- _What you should do_
Copy without pictures. Please restate each line of the listing exactly.

- _Dataset extract_
+===+

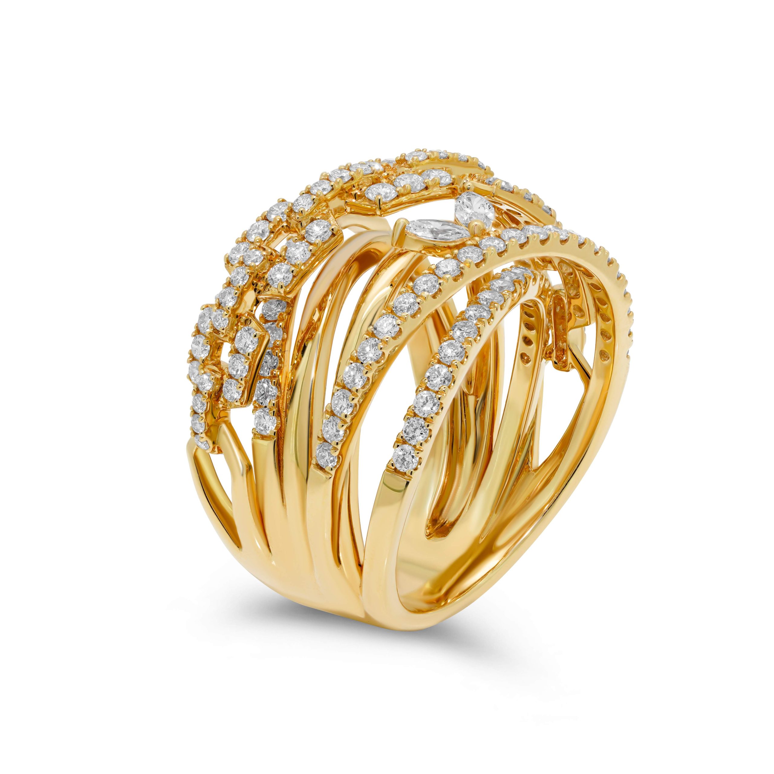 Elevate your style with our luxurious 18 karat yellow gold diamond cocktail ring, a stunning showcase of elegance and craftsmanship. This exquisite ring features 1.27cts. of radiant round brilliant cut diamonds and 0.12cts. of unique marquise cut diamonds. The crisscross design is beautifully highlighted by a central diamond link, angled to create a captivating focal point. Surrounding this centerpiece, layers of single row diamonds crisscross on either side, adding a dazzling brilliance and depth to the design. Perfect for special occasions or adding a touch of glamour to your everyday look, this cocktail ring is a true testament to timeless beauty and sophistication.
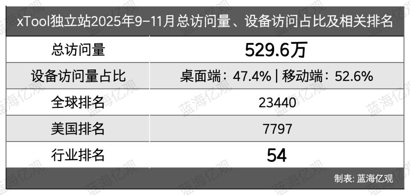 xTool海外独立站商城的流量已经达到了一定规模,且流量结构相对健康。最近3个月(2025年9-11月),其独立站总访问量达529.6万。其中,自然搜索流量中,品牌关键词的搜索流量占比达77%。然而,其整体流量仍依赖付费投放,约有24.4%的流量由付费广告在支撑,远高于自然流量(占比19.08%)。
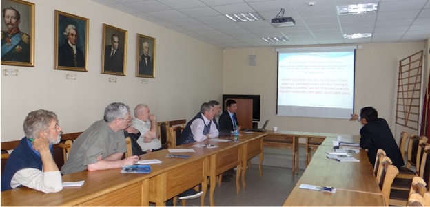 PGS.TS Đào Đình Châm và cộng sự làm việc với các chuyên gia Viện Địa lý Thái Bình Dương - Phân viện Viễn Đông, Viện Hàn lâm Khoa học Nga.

+===+

- _The answer_
 Elevate your style with our luxurious 18 karat yellow gold diamond cocktail ring, a stunning showcase of elegance and craftsmanship. This exquisite ring features 1.27cts. of radiant round brilliant cut diamonds and 0.12cts. of unique marquise cut diamonds. The crisscross design is beautifully highlighted by a central diamond link, angled to create a captivating focal point. Surrounding this centerpiece, layers of single row diamonds crisscross on either side, adding a dazzling brilliance and depth to the design. Perfect for special occasions or adding a touch of glamour to your everyday look, this cocktail ring is a true testament to timeless beauty and sophistication.
 xTool海外独立站商城的流量已经达到了一定规模,且流量结构相对健康。最近3个月(2025年9-11月),其独立站总访问量达529.6万。其中,自然搜索流量中,品牌关键词的搜索流量占比达77%。然而,其整体流量仍依赖付费投放,约有24.4%的流量由付费广告在支撑,远高于自然流量(占比19.08%)。
 PGS.TS Đào Đình Châm và cộng sự làm việc với các chuyên gia Viện Địa lý Thái Bình Dương - Phân viện Viễn Đông, Viện Hàn lâm Khoa học Nga.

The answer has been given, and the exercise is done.